If the drives worked that way, we'd not be seeing any problem, but we do
see problems.  Without having a whole lot of data to back it up, I would
think that keeping the platter spinning is no problem (sheer rotational
inertia) but seeking to a lot of new tracks to write randomly-positioned
dirty sectors would require significant energy that just ain't there
once the power drops.  I seem to recall reading that the seek actuators
eat the largest share of power in a running drive...
        regards, tom lane


Re: [PATCHES] O_DIRECT for WAL writes

From
Gavin Sherry
Date:
On Thu, 23 Jun 2005, Tom Lane wrote:

> [ on the other point... ]
>
> Curt Sampson <cjs@cynic.net> writes:
> > But is it really a problem? I somewhere got the impression that some
> > drives, on power failure, will be able to keep going for long enough to
> > write out the cache and park the heads anyway. If so, the drive is still
> > guaranteeing the write.
>
> If the drives worked that way, we'd not be seeing any problem, but we do
> see problems.  Without having a whole lot of data to back it up, I would
> think that keeping the platter spinning is no problem (sheer rotational
> inertia) but seeking to a lot of new tracks to write randomly-positioned
> dirty sectors would require significant energy that just ain't there
> once the power drops.  I seem to recall reading that the seek actuators
> eat the largest share of power in a running drive...
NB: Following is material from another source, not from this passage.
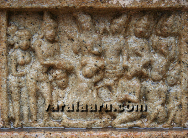 Ramayana traditions in Tamil Nadu can be traced back to early Tamil literatures of the Sangam canto [300 BC – 250 AD] such as Agananuru and Purananuru. These compilations quote indigenous events and sequences [Agananuru No. 70, Purananuru No. 378] not found in the Sanskrit version of the epic by Sage Valmiki, suggesting early percolation of Ramayana ethnicities in peninsular India through folklore and other oral/cultural traditions. Literatures of the post-Sangam period [250 – 400 AD] contain increasing references to Ramayana’s events and characters. A propensity to identify Rama as a manifestation [Avatara] of Lord Vishnu, thereby elevating his status to Godhead - is observed in this period. The Silappathikaram of Ilangovadigal, for example, places Rama in line with other incarnations of Vishnu like Krishna and Narasimha [Pukar Kandam, Sec.9 Lines 9-13]. The concept of Ramavatara is further enriched and elaborated in the Tamil devotional couplets of the Vaishnavite Alwars, in the Pallava-Pandiya period [580 – 894 AD]. Kamba Ramayanam, the earliest extant version of Ramayana in Tamil by poet Kamban [12th Century AD], was titled Ramavatharam – following this tradition. Epigraphic material retrieved from copper plates and inscriptions of the Pallava-Pandiya period attest the continuing influence of Ramayana in Tamil society. For example, the Kasakkudi Plates of Pallava emperor Nandivarman-II eulogizes his predecessor Narasimhavarman-I as the “victor who undermined even the great glory of the valor of Rama who triumphed over Lanka” [Sivaramamurthi, C. 1983:184]. Endowments were provided by rulers for the recitation of Ramayana in public. However, Ramayana themes were not widely adopted for sculptural representations in temples. For the first time in the art history of Tamil Nadu, Ramayana depictions - as a series of narrative miniatures, are observed in the early Chola temples of early 10th Century AD in the Cauvery valley. These are: This scope of this series is to understand the sociological, cultural and artistic influences of Ramayana in the Tamil society during Chola times - by comparing, contrasting and comprehending select miniature reliefs from these temples. The Sacrifice of King Dasaratha - Kumbakonam The great sacrifice of King Dasaratha, which sets the story of Rama in motion, is portrayed in few temples like Kumbakonam and Pullamangai. ![]() At Kumbakonam, the sacrificial Alter [Homakunda] is shown approximately in the middle of the relief and a celestial Goblin [Bhutagana] is seen emerging from the top of the fire. He is holding an object of veneration on top of his head. This object, which seems to be wrapped up in a cloth, is obviously not a vessel containing Payasa as in Valmiki but most probably the Pinda of Kamban’s Ramavatharam. King Dasaratha, standing to the right of the Alter, is keenly extending his hands to receive the celestial gift from the Gods. His slightly bent posture reflects his anxiety and urge to receive the gift. He is wearing a Makuda and Patra Kundala and is draped in a silk loincloth. His chief Queen [Pattamahishi] Kausalya is standing next to him, witnessing the event. Sage Rishyashrunga (the Antelope headed one / Kalaikkottu Munivan in Tamil), who is the chief priest of the sacrifice [Yagna], is shown to the left of alter. His Gradudasana posture signifies the spirit of offering. Holding a sacrificial ladle [Sruk /Sruva] in right hand, he is offering ghee to the fire. Two of his attendants are seated behind him and a third one is shown on the other side of the Alter. Four characters are shown standing in the background. Two of them are Sages [Rishis] and the other two are celestials [Devas]. The Rishi pair is involved in a conversation. The right hand of first Sage is held in Vismaya posture – in praise of the sacrifice. The other Sage, listening to his companion with due attention – is engaged in playing a stringed music instrument. The celestials witnessing the sacrifice are Surya and Chandra – as suggested by the nimbus behind their heads. These four characters, taken together, could represent the celestial gathering witnessing the sacrifice. The Sacrifice of King Dasaratha - Pullamangai At Pullamangai, the position of the King is shifted to the left of the Alter. Here, he has already received the celestial gift from the Goblin who is seen in the midst of the fire. Once again, the object being exchanged cannot be identified with certainty but it doesn’t seem to be a vessel and most likely to be the Pinda – as seen earlier at Kumbakonam. ![]() Two male figures are seen behind the King; the first figure is holding a flower in his left hand and is looking at the second one. The second figure is holding a sword, which is resting on his left shoulder. These two figures represent attendants of the King. Queen Kausalya is conspicuous by her absence. The priests who are conducting the sacrifice are located to the right of the Alter. The chief priest is in Garudasana posture and he is not Sage Rishyashrunga; the second priest is a supportive figure. One sage and three celestials are seen in the background, witnessing the sacrifice. One of them, located right above the Alter, is holding an object in his right hand - the identity and purpose of which is unclear. Variations in treatment Significant variations in treatment are observed between the two Chola Ramayana panels of comparable age, depicting the same theme, viz. the Sacrifice of Dasaratha. The representation at Kumbakonam includes one Goblin, two performers of the Sacrifice (the King and the Queen), four conductors (Priest and his companions) and four celestial witnesses. Altogether there are 11 characters and all are male figures except one. At Pullamangai, the portrayal includes one Goblin, one performer (the King), two of his attendants, two conductors and four celestial witnesses. There are 10 characters in total and all are male figures. The absence of Kausalya and Rish

I've seen discussion about disks behaving this way. There's no magic:
they're battery backed.

Thanks,

Gavin


Re: [PATCHES] O_DIRECT for WAL writes

From
Gregory Maxwell
Date:
On 6/23/05, Gavin Sherry <swm@linuxworld.com.au> wrote:

> > inertia) but seeking to a lot of new tracks to write randomly-positioned
> > dirty sectors would require significant energy that just ain't there
> > once the power drops.  I seem to recall reading that the seek actuators
> > eat the largest share of power in a running drive...
>
> I've seen discussion about disks behaving this way. There's no magic:
> they're battery backed.

Nah this isn't always the case, for example some of the IBM deskstars
had a few tracks at the start of the disk reserved.. if the power
failed the head retracted all the way and used the rotational energy
to power it long enough to write out the cache..  At start the drive
would read it back in and finish flushing it.

.... unfortunately firmware bugs made it not always wait until the
head returned to the start to begin writing...

I'm not sure what other drives do this (er, well do it correctly :) ).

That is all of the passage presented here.